Important Dates

2017 Champion: Patently Nuts (71.5 points)
2018 Season: March 29 - September 30

Monday, May 14, 2007

Transaction Analysis - Jermaine Dye

Traded: Robinson Cano and Rocco Baldelli (Pete Rose) for Jermaine Dye and Tadihito Iguchi (Youke).

The first trade of the league has taken place featuring two under performing players. Jermaine Dye provides some much needed power to Pete Rose Legacy while Robinson Cano is a potential keeper for Yoouke at a thin position.

First I will look at Dye with analysis on Cano later.

The concerning thing about Dye is that he has essential played 2.5 consecutive months of sub-par and awful baseball. Last September, Dye hit .256/5/13 and so far this season is hitting .203/6/17. Another .315/44/120 season is not going to happen. Last season (up until September) Dye was hitting one home run every 11.5 at bats - a torrid pace. Since then, Dye is hitting one home run every 19.3 at bats, which is much more in line with his career numbers (1 per 20.7 AB). While this is a large drop from last year, it doesn't surprise me that Dye has regressed to his mean - most players with huge seasons do. He is striking out more than last year, but not outside his range (at his current pace he will come close or just pass his career high). Interestingly, his ground ball to fly ball ratio is about the best it's ever been, which is usually indicative of improved hitting. On the upside, the balls he does hit in play are only dropping for hits at a .221 rate (league average ~ .290), which will undoubtedly improve considering his low ground ball percentage.

What this all tells me is that Dye is up there trying to hit 50 homeruns while he is really only a 30 HR guy. Without Thome in the lineup, Dye is the only true HR threat and probably puts pressure on himself to hit for power. All this has done is decimate his average while not producing any more home runs for himself. Assuming one home run per 19 at bats and 530 at bats, Dye will hit 27-28 home runs in 2007. He's already hit 6, leaving 21-22 more for Spencer. To improve his average to a modest .265 by the end of the season, Dye will have to hit .280 from today on. I think this is a reachable goal, and one I'm assuming he'll based on his increased value over the last 3 seasons.

For RBI's and runs, the decreased average and on base percentage has hurt. Dye was driving in 0.2 batters per plate appearance in 2006 - a rate that rewarded him with 120 RBIs. In 2007, Dye's RBI rate has dropped to 0.12. Assuming that Dye improves his average, his RBI rate should climb closer to 0.17. Currently, runners are on base 55.6% of the time Dye is up to bat. Even if this drops to 50 percent when Thome returns, Dye will still have roughly the same number of opportunities as he's had in the past. Translated over 463 more plate appearances, this should give Dye 78 more RBI (95 for the year).
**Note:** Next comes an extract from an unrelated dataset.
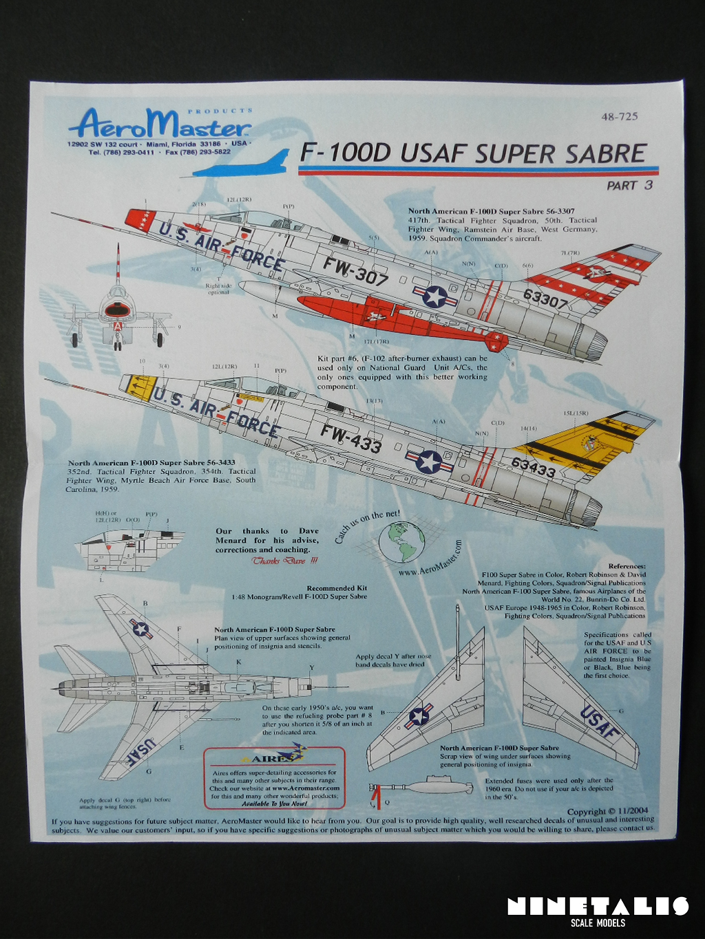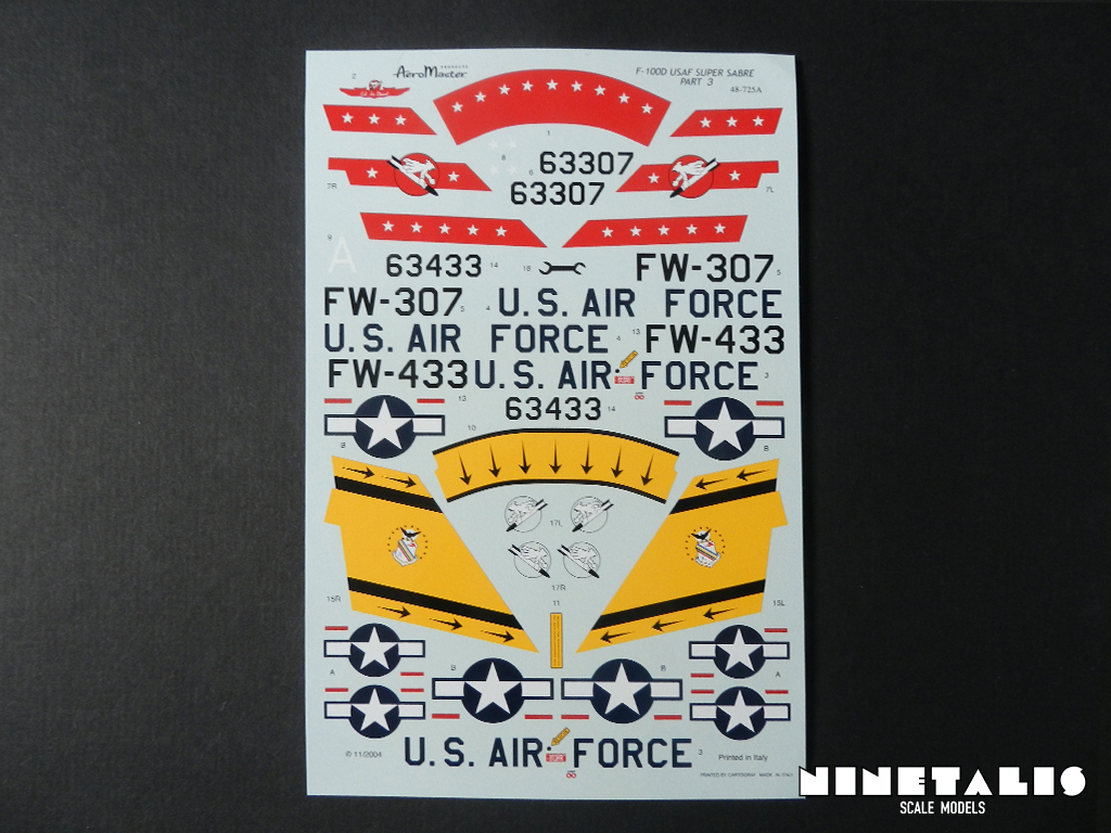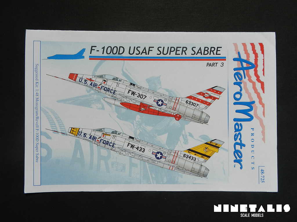 This very decal sheet was released in 2004. It is designed to be used on the earlier Revell/Monogram kit, but personally I’m planning to use this on the recent Trumpeter kit, which was released later in 2010. When that day comes, I will share my work here, although I’m unable to say how soon that will actually happen. As far as I’m aware, there are 9 different F-100D decal sheets out there from AeroMaster, and like the other F-100D decal sheets it gives the user a choice between 2 different subjects:

In summary, Dye gets Spencer
.280/21/78

Not too shabby. Considering the lack of HR and RBI producers on his team, I think this acquisition will be beneficial. Of course, this all assumes Dye breaks out of his slump.

Thoughts on Cano to follow...

3 comments:

Mr. Bill said...

Pretty good analysis of Dye, although statistically speaking, a ball hit on the ground is more likely to be a hit than a ball hit in the air. The fact that he's hitting more balls in the air makes it likely that his power numbers will still be there (and having hit 6 HRs at this point in the season puts him on pace for around 25-30), but doesn't say much about his batting average. The key for batting average is the line drive percentage, but that isn't always shown with the gb and fb statistics.

Z said...

Yes, line drive would be a better statistic. However, I would guess that line dives are included in the FB rate. More fly balls, more line drives.

Interesting that GB are hit for a better average than FB. Must mean that the potential extra base hit in a fly ball is worth the decrease in average. Looking at a pitcher, you want to see more GB than FB so the inverse must be true for a batter, no?

Z said...

Ok, doing a quick correlation between batting average, ground balls, and fly balls for all batters with at least 50 plate appearance in 2007, there is a .14 positive relationship between BA and GB/PA compared with a .02 relationship between BA and FB/PA

So, while definitely not a strong correlation, GB/PA has a stronger positive correlation with average than does FB/PA.